The masked sequence is written to STDOUT.
=head1 USAGE
bp_repeat_mask_sequence.pl <options>
Options:
-f
--feature_file The file from which the sequence features will
be read (for subsequent masking).
-s
--sequence_file The sequence file (to be masked).
--ff
--feature_format The format of the feature file
(the default is GFF).
--sf
--sequence_format The format of the sequence file
(the default is fasta).
-m
--feature_to_mask The type of feature to mask
(the default is 'repeat_region').
-c
--seq_mask_character The 'mask' character to use in the sequence.
(the default is 'X').
-v
--verbose Generate some debugging output
=cut
## Set up the BioPerl objects
my $gff_reader =
Bio::FeatureIO->new( -file => $feature_file,
-format => $feature_format
);
my $seq_reader =
Bio::SeqIO->new( -file => $sequence_file,
-format => $sequence_format,
);
my $seq_writer =
Bio::SeqIO->new( -fh => \*STDOUT,
-format => $sequence_format,
);
## Run
warn "hashing features to mask\n";
my (%repeats, $c);
while ( my $feature = $gff_reader->next_feature() ) {
if($verbose>0){
print
join("\t", #$feature,
$feature->seq_id,
$feature->type->name,
$feature->start,
$feature->end,
), "\n";
}
if($feature->type->name eq $feature_to_mask){
$c++;
push @{$repeats{ $feature->seq_id }},
[$feature->start,
$feature->end];
}
}
warn "read $c '$feature_to_mask' features for ",
scalar keys(%repeats), " sequences\n";
warn "masking sequences\n";
while(my $seq = $seq_reader->next_seq){
my $id = $seq->id;
my $sequence = $seq->seq;
print $id, "\n"
if $verbose > 0;
## Do the masking
for my $region (@{$repeats{ $id }}){
my ($start, $end) = @$region;
print "$start\t$end\n"
if $verbose > 1;
substr($sequence, $start, $end - $start,
$seq_mask_character x ($end - $start)
);
}
$seq->seq($sequence);
$seq_writer->write_seq($seq);
}
warn "done\n";
# A bit of a hack:
sub usage{
`perldoc -T ./$0`
}
On 7 July 2010 10:42, Brian Osborne <bosborne11 at verizon.net> wrote:
> Dan,
>
> In my opinion the user should be able to use any supported format as input, yes.
>
> Brian O.
>
> On Jul 7, 2010, at 1:14 AM, Dan Bolser wrote:
>
>> Cheers Brian!
>>
>> Do you think this script will work if I allow sequence and feature
>> '-format's to be picked by the user among all those listed as valid
>> file formats in BioPerl?
>>
>> http://www.bioperl.org/wiki/HOWTO:SeqIO#Formats
>> http://search.cpan.org/~cjfields/BioPerl-1.6.1/Bio/FeatureIO.pm#SUPPORTED_FORMATS
>>
>>
>> Or should I stick to Fasta/GFF (or some other implementation)?
>>
>> Cheers,
>> Dan.
>>
>>
>> On 6 July 2010 15:50, Brian Osborne <bosborne11 at verizon.net> wrote:
>>> Dan,
>>>
>>> There are 2 different directories for scripts, examples/ and scripts/. The examples/ directory accepts any sort of script.
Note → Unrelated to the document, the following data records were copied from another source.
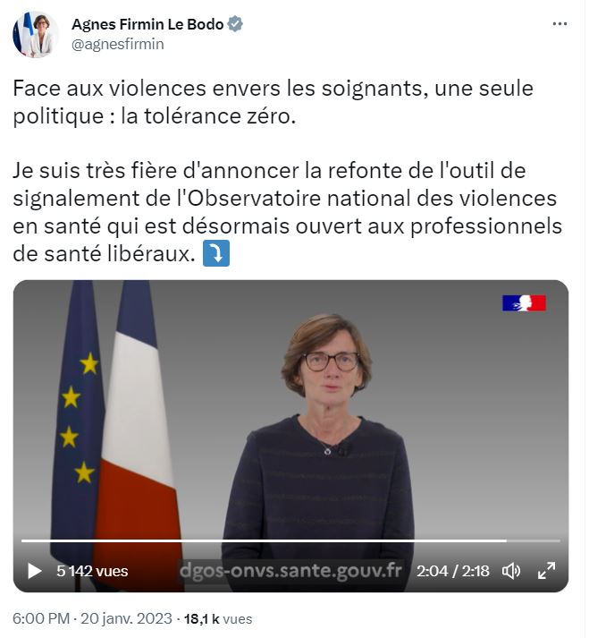 C’est sur les réseaux sociaux qu’Agnès Firmin Le Bodo, ministre déléguée auprès du ministre de la Santé et de la Prévention, chargée de l'Organisation territoriale et des Professions de santé l’a annoncé, le 20 janvier dernier : la plateforme de déclaration des violences en santé s’ouvre aux libéraux. "Leur mode d’exercice les expose tout autant aux risques que rencontrent agents et salariés", a-t-elle expliqué.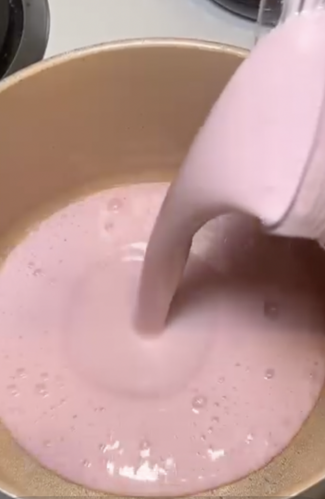 Pour the strawberry-milk blend into a saucepan over medium heat and bring it to a gentle simmer.
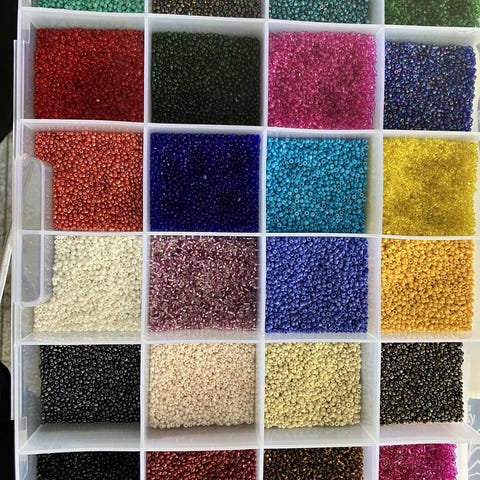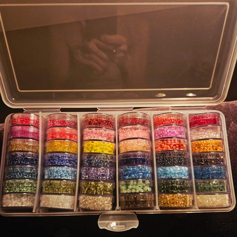 Rocailles perler i assorterte farger, levert i 12 pakker. Hver pakke inneholder små runde perler som kan brukes til smykkelaging, dekorasjon og håndarbeid. Noen er åpnet og tatt litt av, men alle er så og si fulle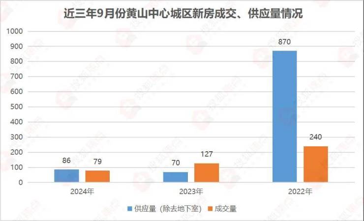 2024年9月,黄山中心城区新房总计成交79套,环比于8月的58套,上涨36.2%;与去年同期的127套相比,下降37.8%。
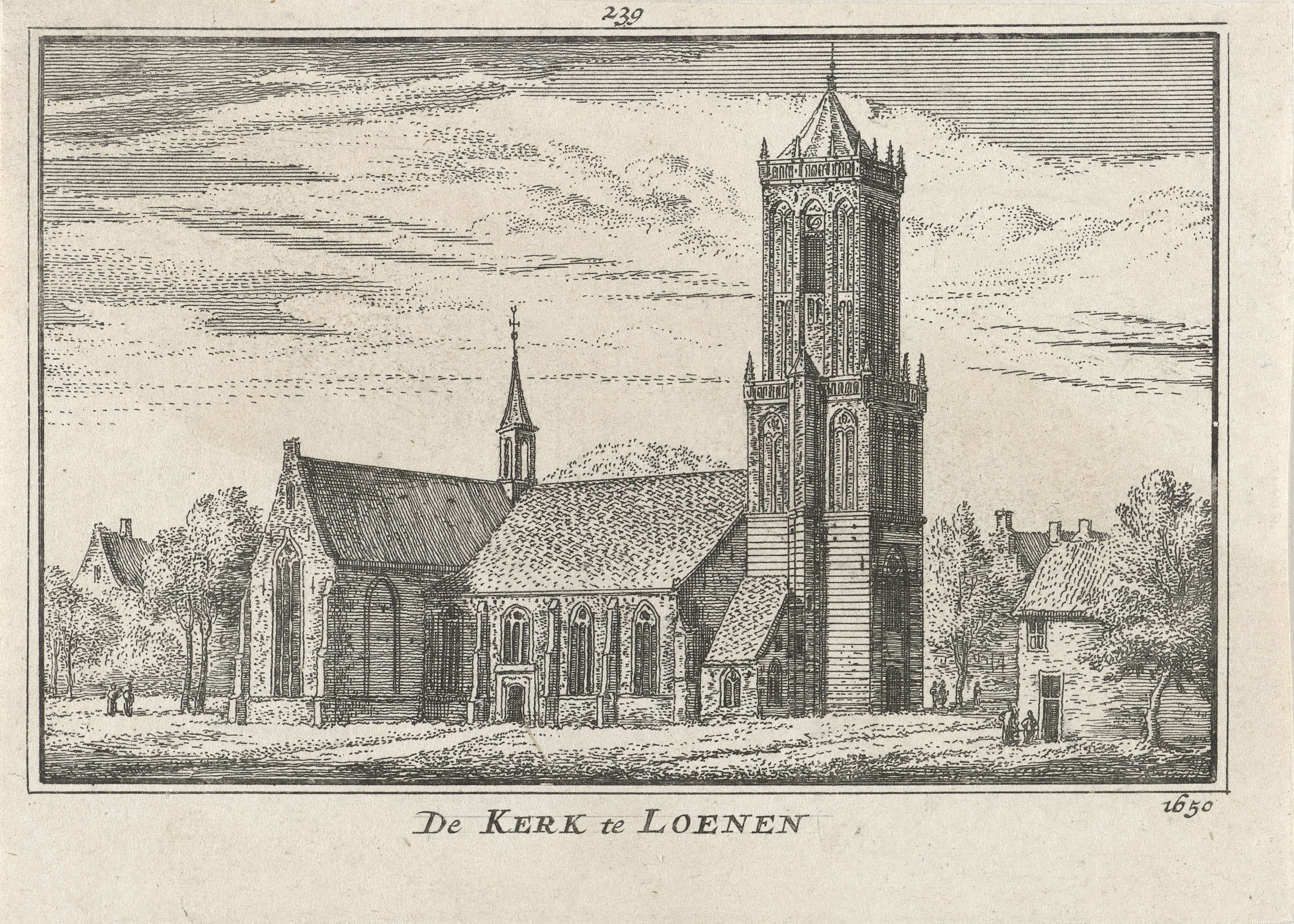 Gezicht op de kerk te Loenen aan de rivier de Vecht, in de situatie omstreeks 1650.

The scripts/ directory scripts can be installed when Bioperl is installed, if the user wishes. The guidelines are that scripts/ directory scripts should accept command-line arguments (which yours does), should be named with the suffix 'PLS', and should have POD documentation. So, all you need is some POD. Here's some example POD:
>>>
>>> =head1 NAME
>>>
>>> bioflat_index.pl - index sequence files using Bio::DB::Flat
>>>
>>> =head1 DESCRIPTION
>>>
>>> Create or update a biological sequence database indexed with the
>>> Bio::DB::Flat indexing scheme. The arguments are a list of flat files
>>> containing the sequence information to be indexed.
>>>
>>> =head1 USAGE
>>>
>>> bioflat_index.pl <options> file1 file2 file3...
>>>
>>> Options:
>>>
>>> --create Create or reinitialize the index. If not specified,
>>> the index must already exist.
>>>
>>> --format <format> The format of the sequence files. Must be one
>>> of "genbank", "swissprot", "embl" or "fasta".
>>>
>>> --location <path> Path to the directory in which the index files
>>> are stored.
>>>
>>> --dbname <name> The symbolic name of the database to be created.
>>>
>>> --indextype <type> Type of index to create. Either "bdb" or "flat".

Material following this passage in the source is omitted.